Стереоизомерия(цис-транс немесе Е-Z). Химия, 10 сынып, дидактикалық материал.

Вследствие жёсткости двойной связи (отсутствие вращения) замещённые алкены могут существовать в виде геометрических изомеров. Геометрические изомеры имеют одинаковое химическое строение (одинаковый порядок химических связей), но разное пространственное строение, т.е. они различаются конфигурацией. Это является причиной различия в физических и химических свойствах геометрических изомеров. В отличие от конформеров, геометрические изомеры при обычных условиях представляют собой устойчивые вещества, для их взаимного превращения необходима значительная энергия (125−170 кДж/моль).
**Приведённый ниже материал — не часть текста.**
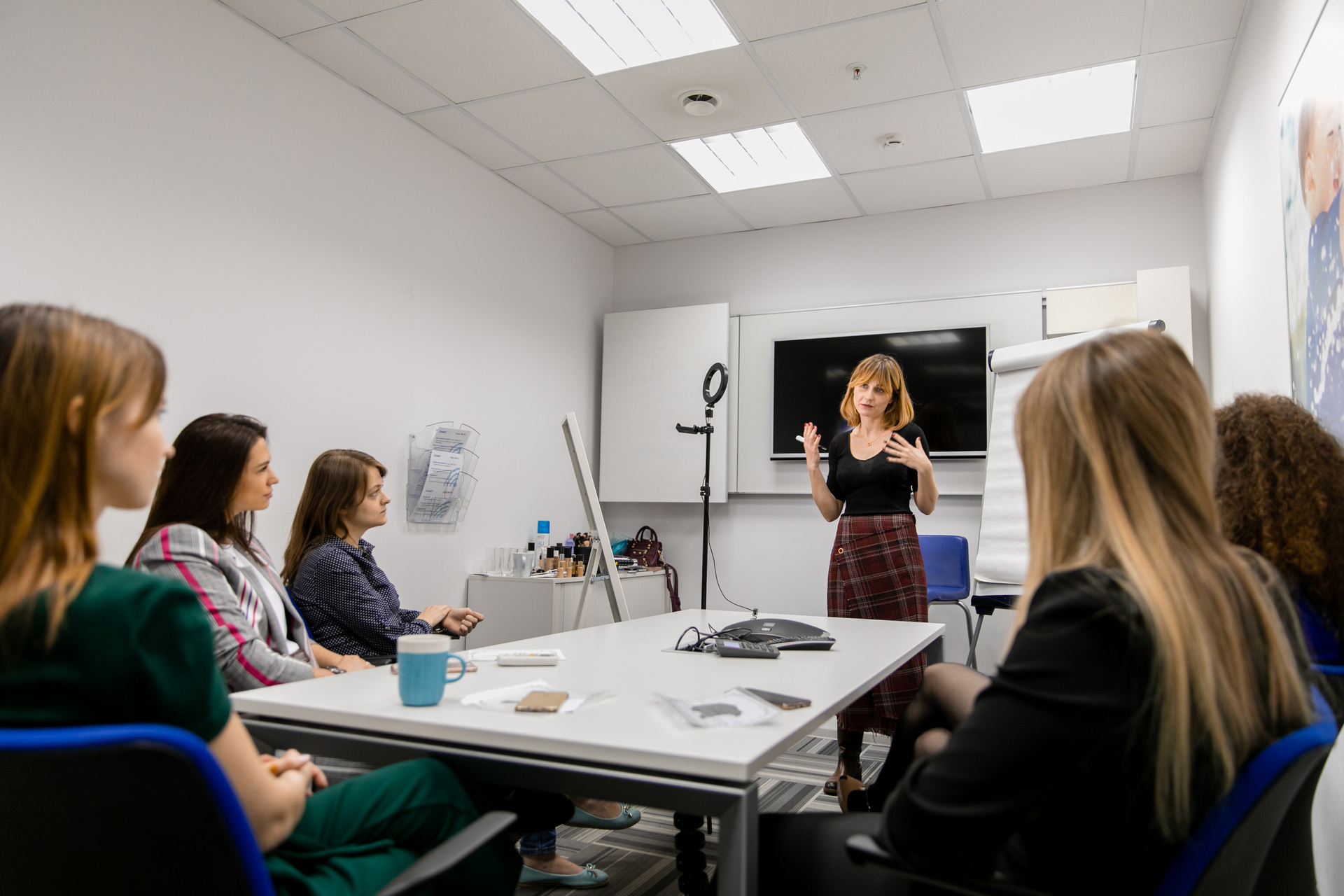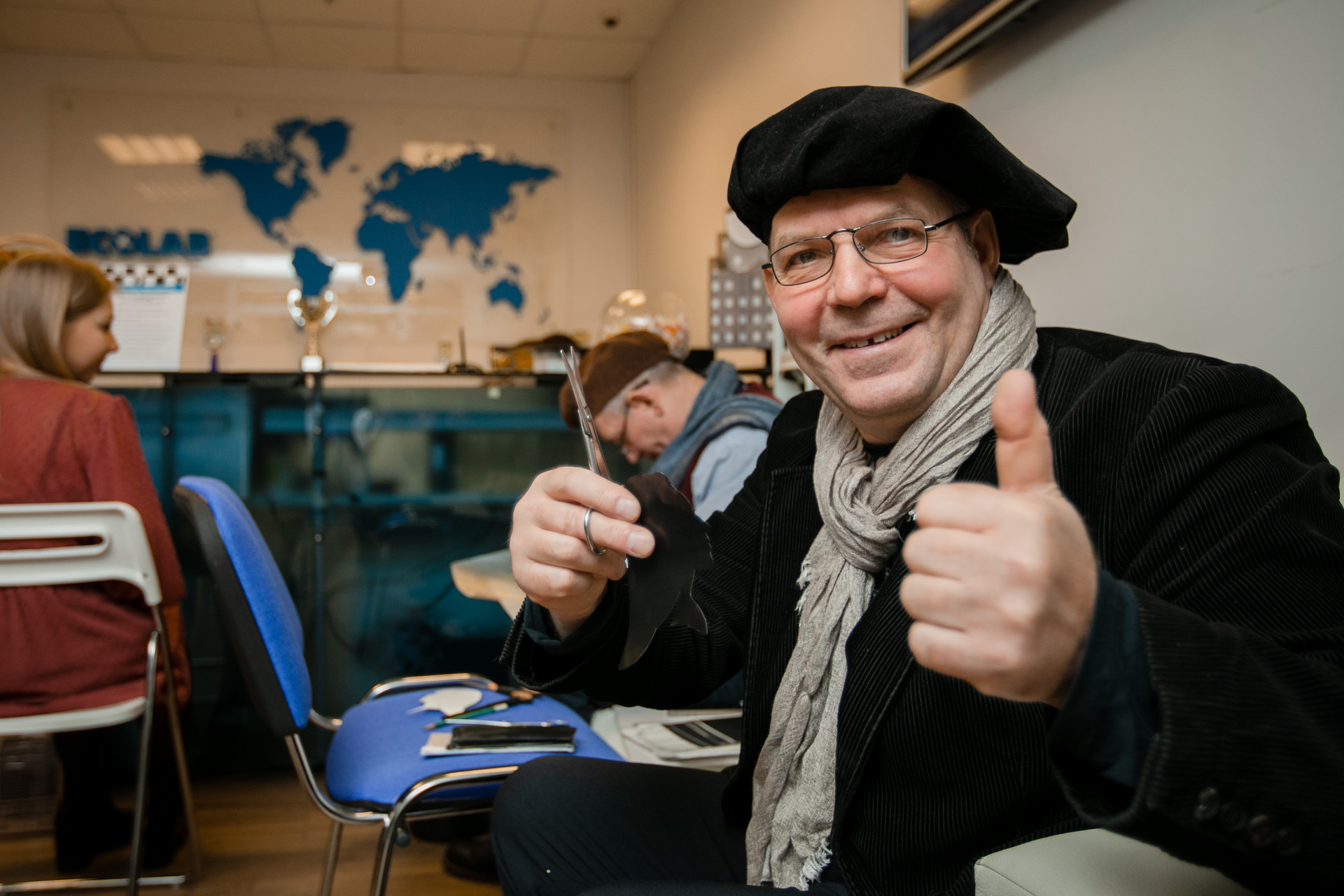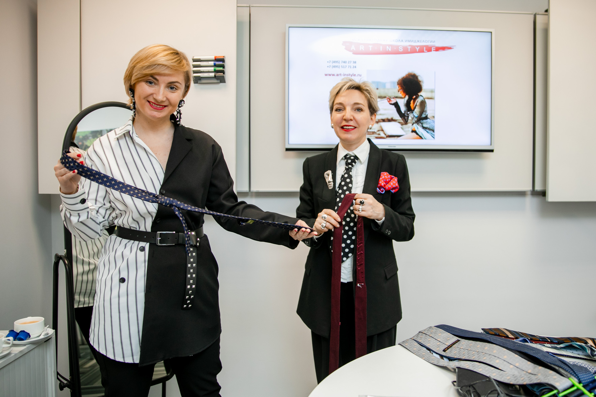 Соединение черных и белых цветов мы выдержали во всем. Прежде всего наши специалисты разработали и изготовили стильные декорации для украшения офиса и фотозону. Также мы провели мастер-класс по шахматам и пригласили художника-силуэтиста, создававшего портреты участников «черным по белому» с повторением их профилей. Кроме того, по-настоящему всеобщим действом стало рисование картины по номерам красок всеми сотрудниками офиса. Что же до «раздельных» активностей, при их проведении мы руководствовались «офисной» целесообразностью. Поэтому для мужчин состоялся мастер-класс по правильному сочетанию галстука и делового костюма, а женщины участвовали в мастер-классе, посвященном созданию стильного, элегантного макияжа для офиса. А еще нельзя забыть о приготовленных нашей командой угощениях и праздничном торте – День сотрудника благодаря этому завершился по-настоящему торжественным образом.

Наиболее простой пример – это 1,2-дизамещённые цис-,транс-изомеры этиленового ряда.

Слова цис- и транс- обозначают на латинском языке “по эту сторону” и “по ту сторону”. Как известно, ещё римские Цезари различали цисальпийскую и трансальпийскую Галлию. При чём, трансальпийская находилась за Альпами, на противоположной стороне от Римской империи. В приведённых примерах, очевидно, транс-изомерами называют те у которых одинаковые заместители находятся по разные стороны от плоскости двойной связи.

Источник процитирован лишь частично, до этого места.